While competition for the right to list “CAA-preferred” and enjoy its associated extra traffic is heated among FBOs at many airports, over the past few years, single-source providers have also begun to join. “Three or four years ago, we couldn’t sell CAA to an airport that just had a single-source FBO, but we’re educating the GM at that airport that he might not think he has a competitor because he’s the only one on the field, but he’s competing with where that airplane just flew in from, and the next stop that airplane is going to make when it leaves them.”
In major metropolitan areas, CAA offers its members alternatives, where they might choose to trade fuel savings for a slightly longer limousine ride from a more remote airport.
The association does not charge the FBOs anything to participate in the program. “The beauty part of CAA is we’re not a middleman,” Bordes said. “We don’t have our hand stuck out to take something out of the deal, the customer is our member and the member pays the FBO directly.” Instead, the organization derives its funds from membership enrollment, which is $500 per tail number annually, (80 percent of the company’s members are single-aircraft operators) a cost that Bordes says a member can recoup on just one fueling for a midsize or larger aircraft. “It might take a turboprop two or three fuelings before you save $500, but then it's money in the bank.”
To demonstrate that, CAA (Booth N2329) offers a unique six-month test period to allow prospective members all the benefits of the program for free. After that, the conversion rate to full membership is above 70 percent. “A lot of times you get a big, long-range jet like a Gulfstream come in from Africa or Europe,” explained Bordes, “they’ll buy a membership just to make one trip over because when they put 2,000-3,000 gallons on to go home, and they are saving $1 a gallon, membership is only $500 so they just put $1,500 back in their pocket.”
With a mantra of enhancing the operating efficiencies of Part 91 flight operations, the organization is constantly combing its membership rolls to ensure that no Part 135 aircraft creep in. By comparing its membership’s tail numbers against the FAA database on a quarterly basis, more than 150 aircraft a year are disqualified from the organization for engaging in charter activities.
For the past several years, the organization has been adding new aircraft at a clip of nearly 1,000 a year, expansion driven by the growing shift to electronic format. Prior to that, everything from member-only fuel-price updates from its dozens of FBOs, to its applications, to voting on FBO bids, was done manually.

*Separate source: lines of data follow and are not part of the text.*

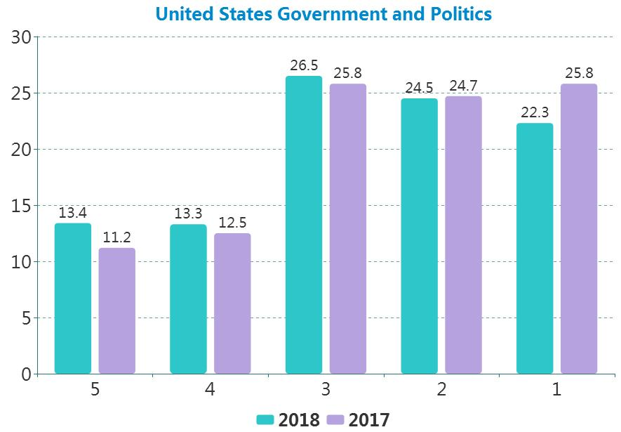 美国政治的情况比往年更为乐观,今年超过13%的5分率创造了历史新高,要知道就在几年前这门学科的5分率还是可怜的个位数。并且这种难度的学科获得卷面满分的考生竟然有112位!
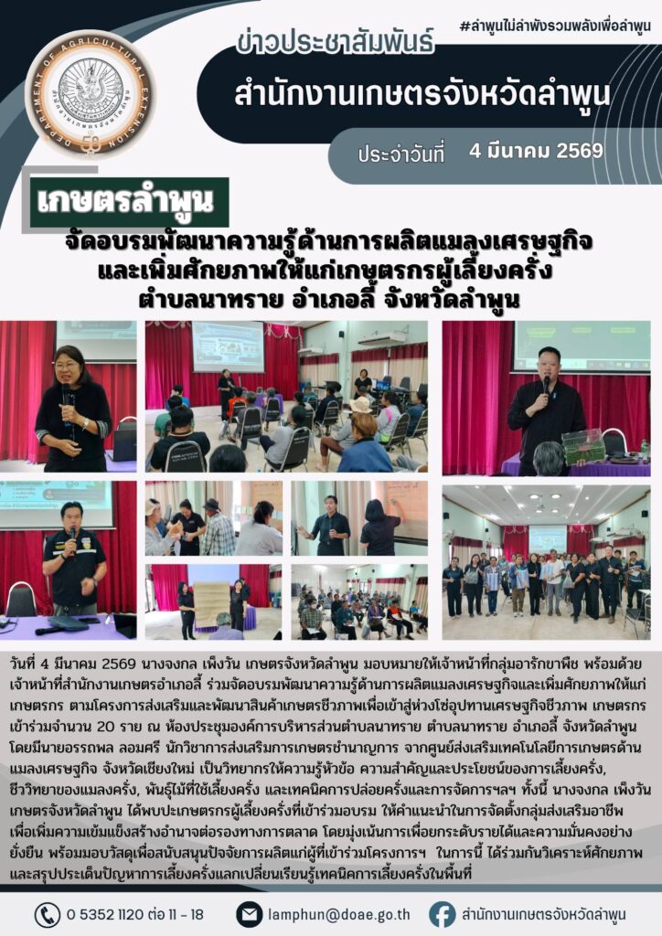 Next เกษตรลำพูน จัดกิจกรรมปรับเพิ่มผลิตภาพใช้ประโยชน์ที่ดินและทรัพยากรตามแผนที่เกษตร เพื่อการบริหารจัดการเชิงรุก ครั้งที่ 2 ภายใต้โครงการปรับเพิ่มผลิตภาพการใช้ประโยชน์ที่ดินและทรัพยากรตามแผนที่เกษตรเพื่อการบริหารจัดการเชิงรุกจังหวัดลำพูน ปีงบประมาณ พ.ศ. 2569
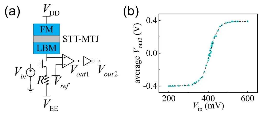 图1 随机STT-MTJ构成的二值随机神经元及其概率输入输出特性
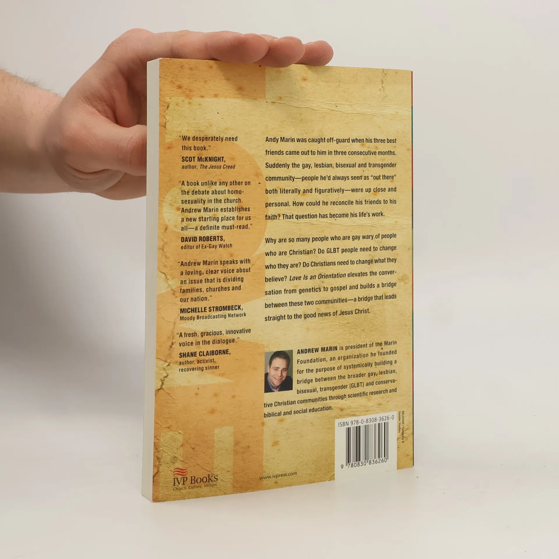 Outreach Magazine Resource of the Year Award winner Golden Canon Leadership Book Award winner Relevant Magazine : Top 20 Best Overall Books winner Englewood Review of Top 20 Best Overall Books winner Christian Manifesto Lime Award winner Andrew Marin's life changed forever when his three best friends came out to him in three consecutive months. Suddenly he was confronted with the gay, lesbian, bisexual and transgender community (GLBT) firsthand. And he was compelled to understand how he could reconcile his friends to his faith. In an attempt to answer that question, he and his wife relocated to Boystown, a predominantly GLBT community in Chicago. And from his experience and wrestling has come his book, Love Is an Orientation, a work which elevates the conversation between Christianity and the GLBT community, moving the focus from genetics to gospel, where it really belongs. Why are so many people who are gay wary of people who are Christians? Do GLBT people need to change who they are? Do Christians need to change what they believe? Love Is an Orientation is changing the conversation about sexuality and spirituality, and building bridges from the GLBT community to the Christian community and, more importantly, to the good news of Jesus Christ.

Even its membership cards have now become passé. “We used to mail out cards, and you’re talking 9,000 cards a year, and most companies lose a card, so they would want two, so you’re looking at 18,000 cards you have to mail out,” noted Bordes. “We’ve even gotten away from using the electronic card because the FBOs have the ability to just type in a tail number and verify them.”
An online application features a map showing all of the FBO partners, and members can click on them to see fuel pricing, volume breaks, and contact information
The organization also verifies that its preferred FBOs live up to their contracts, by auditing them at least once a year. Any deviation from the contracted price structure will trigger an investigation by CAA. “We want to get it right for our members, and if [the FBOs] flunk an audit, we fix it and then we reaudit again in a certain time period to make sure that the fixes still apply, and they’re not just gaming the system,” said Bordes.